The Western powers lobbied the International Court of Justice hard to obtain the
Advisory Opinion on Kosovo. When they obtained it they hailed it as a famous victory. Since then they have come to regret it bitterly, and since Crimea cited it in its unilateral declaration of independence from Ukraine they have completely stopped talking about it.
The Russians by contrast talk about the Advisory Opinion on Kosovo whenever the subject of the alleged ‘illegality’ of Crimea’s unification with Russia is brought up. President Putin was the first to do so in the
speech he made immediately following Crimea’s unification with Russia on 18th March 2014
As it declared independence and decided to hold a referendum, the Supreme Council of Crimea referred to the United Nations Charter, which speaks of the right of nations to self-determination. Incidentally, I would like to remind you that when Ukraine seceded from the USSR it did exactly the same thing, almost word for word. Ukraine used this right, yet the residents of Crimea are denied it. Why is that?

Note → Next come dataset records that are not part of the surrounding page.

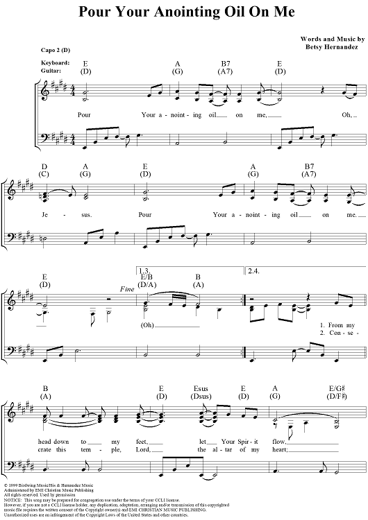"Pour Your Anointing Oil On Me" Sheet Music by Betsy Hernandez
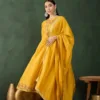 Embrace timeless elegance with this beautiful Red Vichitra Silk Kurta set. The floral embroidery and handwork on the yoke give the Anarkali-style kurta a stunning look. With 3/4th embroidered sleeves and a flowy hemline, it’s perfect for special occasions. The set includes a comfortable, solid Red trouser with an elastic waistband and a handy side pocket for convenience. The look is completed with a matching Red dupatta, featuring Swaroski detailing and a pretty Jacquard lace border. The soft crepe inner fabric ensures comfort all day long, making this outfit ideal for festivals, weddings, or family gatherings.
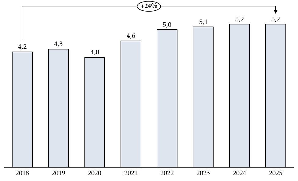Cette fraction, dite « TVA-DGF », représente environ 5,2 milliards d'euros en 2024. Ce montant est « gelé » pour 2025 en application de l'article 109 de la loi de finances pour 202564(*).
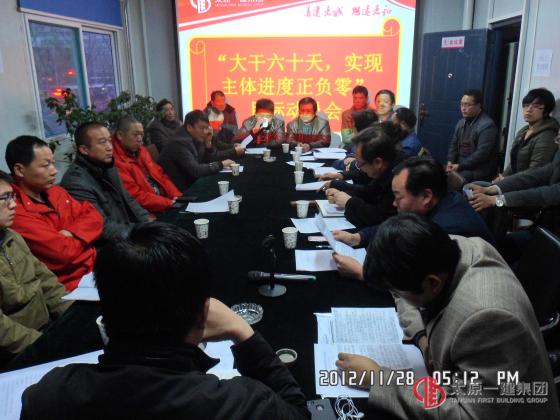 11月28日下午16:30,直属分公司在太原市第三人民医院门诊楼项目部召开了“大干六十天,实现主体进度正负零”的生产动员活动。直属分公司经理郭贵法、副经理赵云江、副经理蔡志峰等领导,施工现场项目负责人毛振武,钢筋外加工配送中心经理郭瑞彪,山西恒台建业发展有限销售公司以总经理张永龙带队一行7人,太原市宏兴海贸易有限公司经理王海卫以及项目部全体管理人员参加了本次会议。本次会议由该项目副经理霍建主持。会议内容有:1、项目经理姬德银做“大干六十天,实现主体进度正负零”为题的生产动员报告,报告以冬季施工为背景,从人、材、机、物等方面提出具体保障措施,加强“四科一室”项目管理对施工生产的快捷服务,来保证实现预期工期目标。2、各科室负责人、材料供应商一一做承诺表态。3、分公司副经理助理赵云江、常务副经理蔡志峰代表分公司对直属302项目部管理团队进行肯定,并表示希望大家不要辜负分公司的信任,不流于形式,强抓落实,保证冬施的顺利进展。4、分公司经理郭贵法高度评价本次会议的召开,详细的分析当前形势,并指出:要抓好活动期间的项目管理及各项措施的落实情况。要求大家要相互信任,指出“人在一起不是团队,心在一起才是团队,要树立统一的价值观”。及时发现问题,努力解决问题,争当先进。同时,希望各供应商积极响应项目部的号召,保证各项物资按期、按量、按标准提供,保证在此施工期间的物质需求。最后,郭经理要求项目部各管理岗位分工协作,心往一处想,有劲一处使,克服严冬,同心协力,狠抓落实,保证“实现主体进度正负零”的进度目标顺利完成,为门诊楼工程按期完工打响“第一枪”,为直属分公司承建太原市人民医院后续工程树立良好企业形象。

Moreover, the Crimean authorities referred to the well-known Kosovo precedent – a precedent our western colleagues created with their own hands in a very similar situation, when they agreed that the unilateral separation of Kosovo from Serbia, exactly what Crimea is doing now, was legitimate and did not require any permission from the country’s central authorities. Pursuant to Article 2, Chapter 1 of the United Nations Charter, the UN International Court agreed with this approach and made the following comment in its ruling of July 22, 2010, and I quote: “No general prohibition may be inferred from the practice of the Security Council with regard to declarations of independence,” and “General international law contains no prohibition on declarations of independence.” Crystal clear, as they say.

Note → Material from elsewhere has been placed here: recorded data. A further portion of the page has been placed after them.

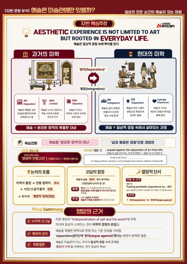 '축구장에 간 바둑기사?' 고2 영어, 논리의 판을 뒤집다 [3월 학평 오답률 TOP 5, 분석시리즈 1️⃣] 안녕하세요, 천천에이드영어입니다. :) 어려웠다고 평가받은 이번 고2 3월 학평. 시험은 끝났지만, 이 지문들은 곧 내신의 핵심 연계 문항으로 다시 탄생하게 됩니다:) 단순한 '단어 암기'만으로는 1등급의 벽을 넘을 수 없습니다. 출제자가 설계한 '생각의 프레임'을 읽어내는 힘이 필요합니다. 이번 오답률 상위권인 32번과 33번 지문을 통해, 우리가 가진 상식을 기분 좋게 배반하는 '인식의 전환' 두 가지를 분석해 보았습니다. ️ 1. 예술의 재발견 : 미술관의 벽을 허물다 (32번) "예....... <img src="https://blogthumb.pstatic.net/MjAyNjA0MjlfMTQ5/MDAxNzc3NDMxMTc0NDA2.EhQUYBDDnlXcKXLRGt841eVB2mAPGW7Meu96xdYw5nEg.cV2rLScGoq8nH4nAriYV0Rru0iEV7D8jNfftbpCYbEQg.JPEG/900_%B0%ED2_%B8%F0%C0%C7%B0%ED%BB%E7_%BA%D0%BC%AE_%28A4%29_20260428_215403_0000_260429_100904_1.jpg?type=s3" />
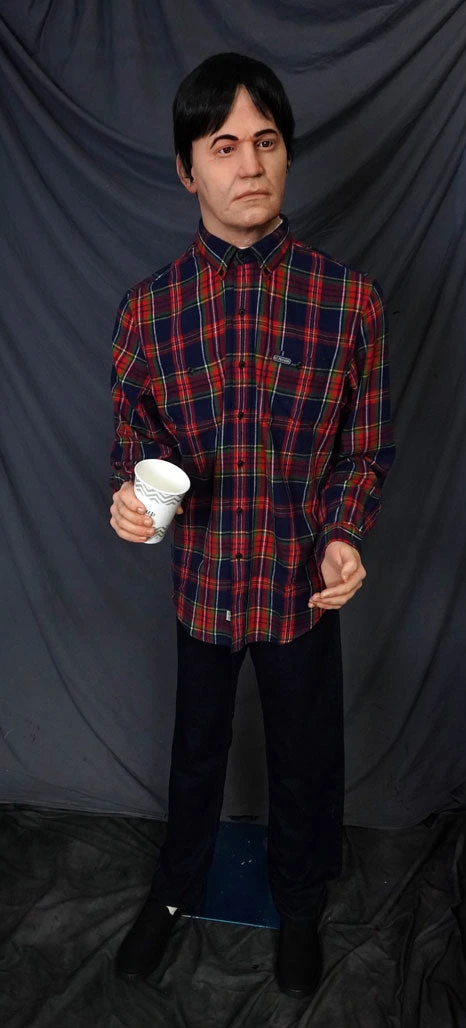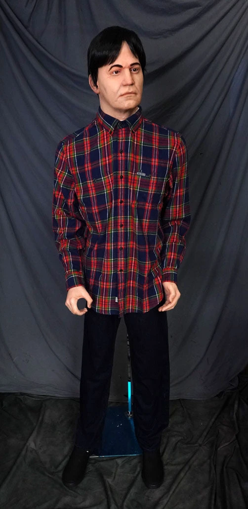 Poseable foam rubber body with lifecast male Danny head and wig. Includes removable factory standard stand. Pale skin tone with hold hands. This figure can sit or stand.
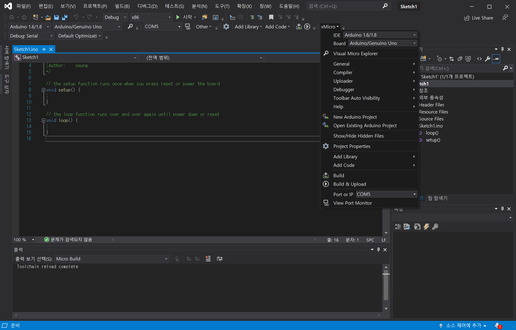 VisualStudio를 실행하고 Empty Project를 생성하면 아래와 같이 vMicro라고 새로운 메뉴가 생긴다. Arduino 관련 설정, 프로젝트 관리, Library 설치, 빌드 및 실행은 이 메뉴에서 다 해결할 수 있다.

I do not like to resort to quotes, but in this case, I cannot help it. Here is a quote from another official document: the Written Statement of the United States of America of April 17, 2009, submitted to the same UN International Court in connection with the hearings on Kosovo. Again, I quote: “Declarations of independence may, and often do, violate domestic legislation. However, this does not make them violations of international law.” End of quote. They wrote this, disseminated it all over the world, had everyone agreed and now they are outraged. Over what? The actions of Crimean people completely fit in with these instructions, as it were. For some reason, things that Kosovo Albanians (and we have full respect for them) were permitted to do, Russians, Ukrainians and Crimean Tatars in Crimea are not allowed. Again, one wonders why.
(bold italics added)
By failing to ask the International Court of Justice to declare Crimea’s secession from Ukraine and subsequent union with Russia to be contrary to international law Ukraine appears to be conceding the point. Though Ukraine and its Western allies will doubtless go on calling Crimea’s secession from Ukraine ‘illegal’, in terms of international law there are actually no grounds to do so. Ukraine’s conduct of its case in the International Court of Justice effectively admits as much.
As to the eventual outcome of the case, I am not an expert in this field. I understand the Russians are denying that the International Court of Justice has the jurisdiction to hear the case. I suspect they are right and that the International Court of Justice will agree with them.
Even if it doesn’t and even if the case goes to a full hearing – which may take years – I doubt Ukraine will be able to prove many of the claims it is making, or that it will achieve much or indeed anything in the end by bringing the case. The stony silence of Western governments and of the Western media about the case all but says as much.